| Recorded information |
<<<<
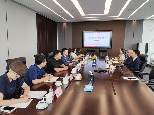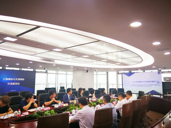 2020年8月26日上午,天津市律師協會副會長牛同栩、律所建設指導委員會副主任劉朔、懲戒委員會副主任王軼、行業規則委員會副主任姚丹、行業發展委員會委員王麗婷、監事李克強、秘書處會員部竇沛然一行7人來訪上海律協。上海律協副會長陳峰、理事、律所規范與發展委員會主任吳堅、規劃與規則委員會主任黃榮楠、紀律(懲戒)委員會副主任杭煒、公共關系部主任金鷹等接待了天津律協考察團一行并交流座談。
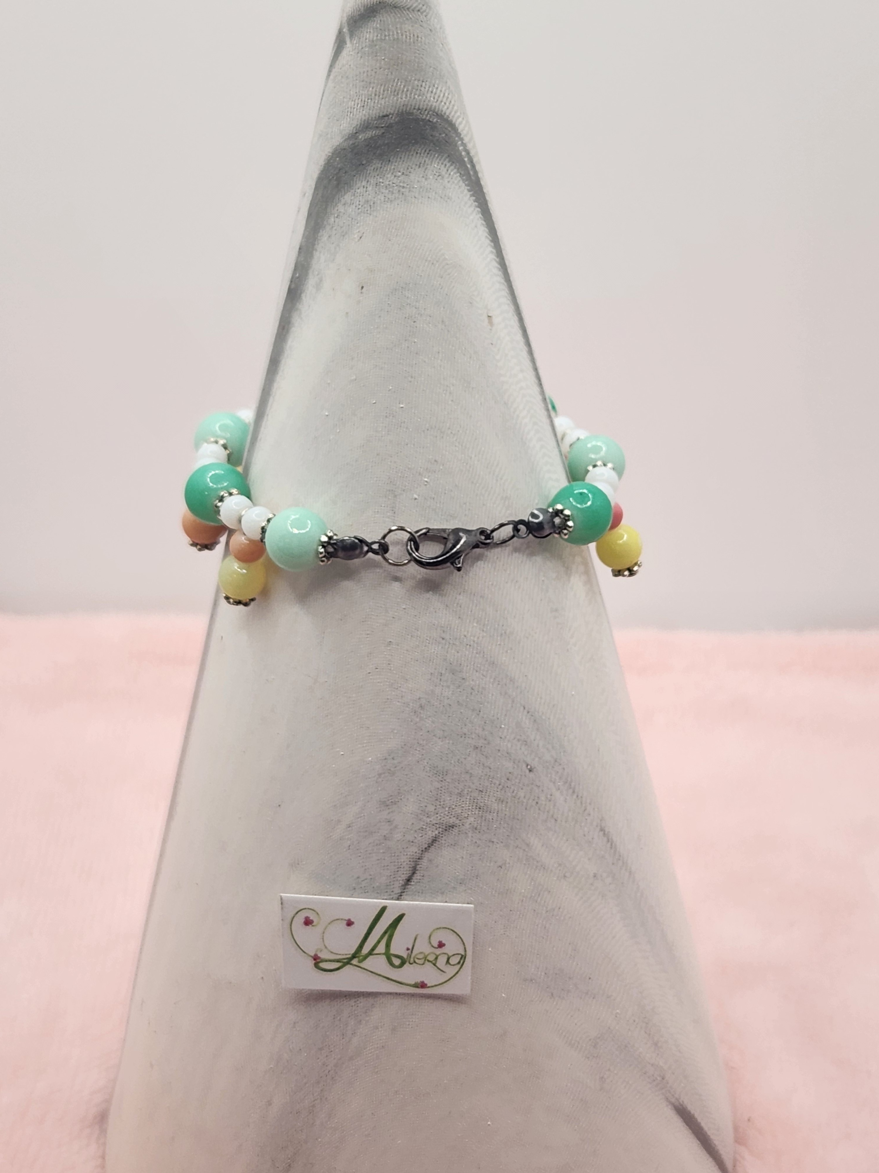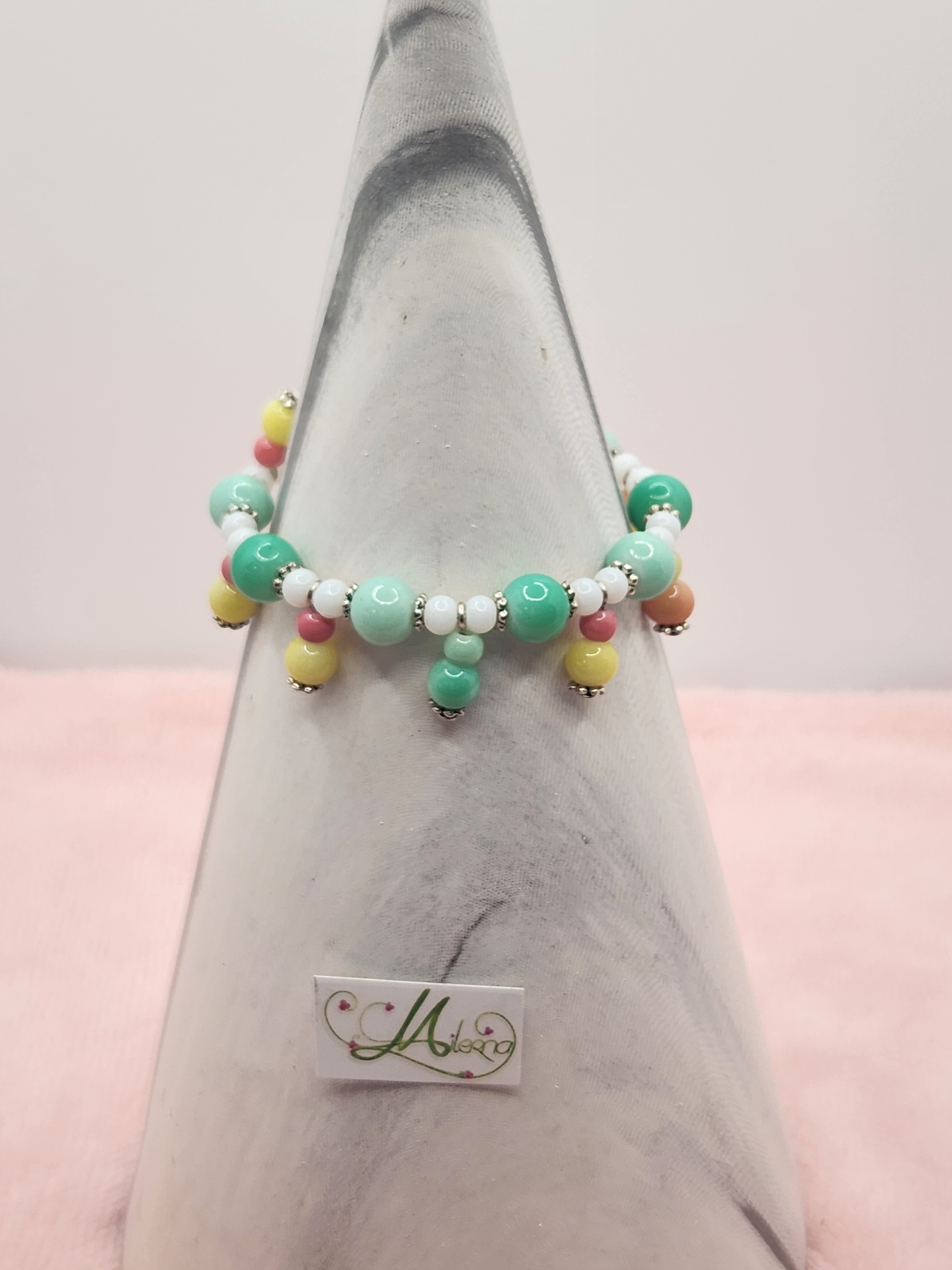Je vous propose ce bracelet enfant/ado en perles tons de jaune, blanc, vert et rose.
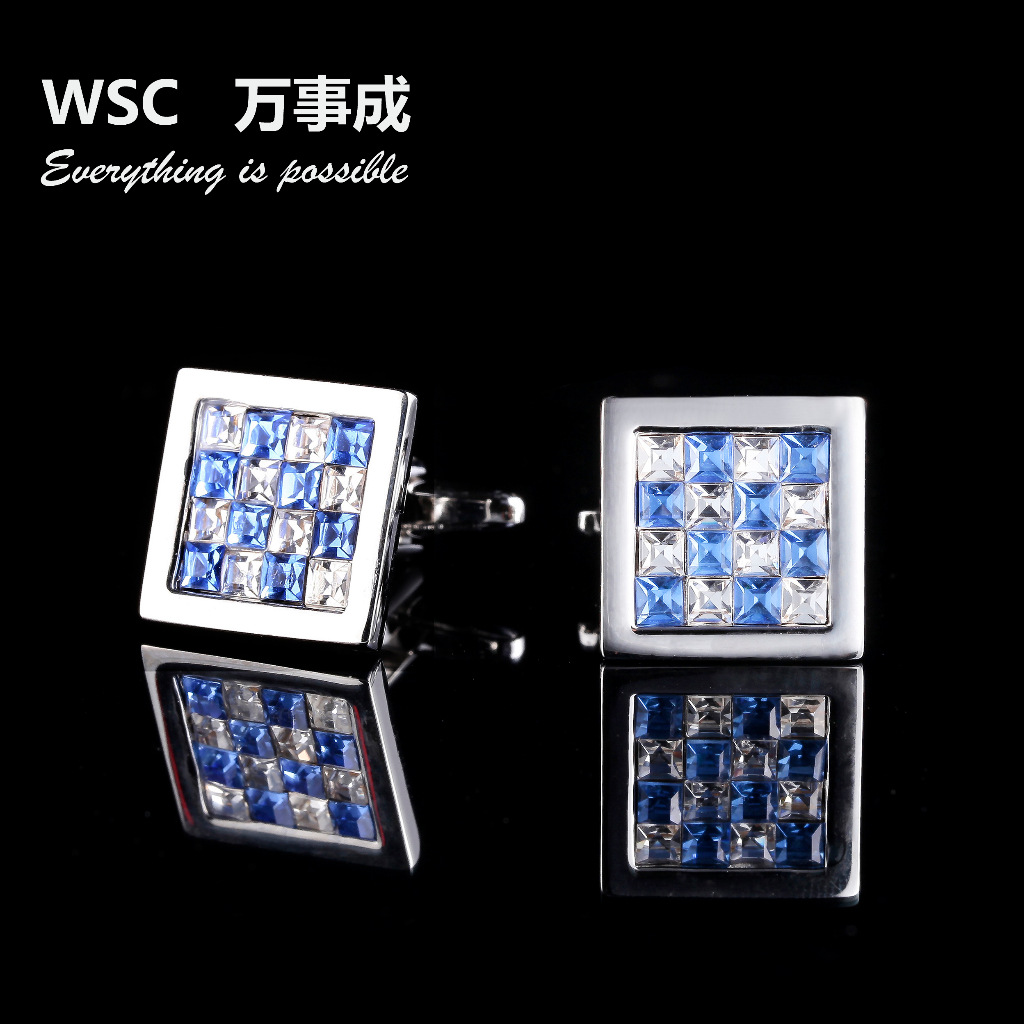 热销休闲风镶钻袖扣 新款衬衫水钻袖钉男式时尚衣饰方形水晶袖扣 English | 投诉
>>>>
| Goal of the exercise |
Your answer should be the lines above from the one that contains "Je vous propose" through the last, set down exactly, with the pictures removed.

| Written answer |
Je vous propose ce bracelet enfant/ado en perles tons de jaune, blanc, vert et rose.
 热销休闲风镶钻袖扣 新款衬衫水钻袖钉男式时尚衣饰方形水晶袖扣 English | 投诉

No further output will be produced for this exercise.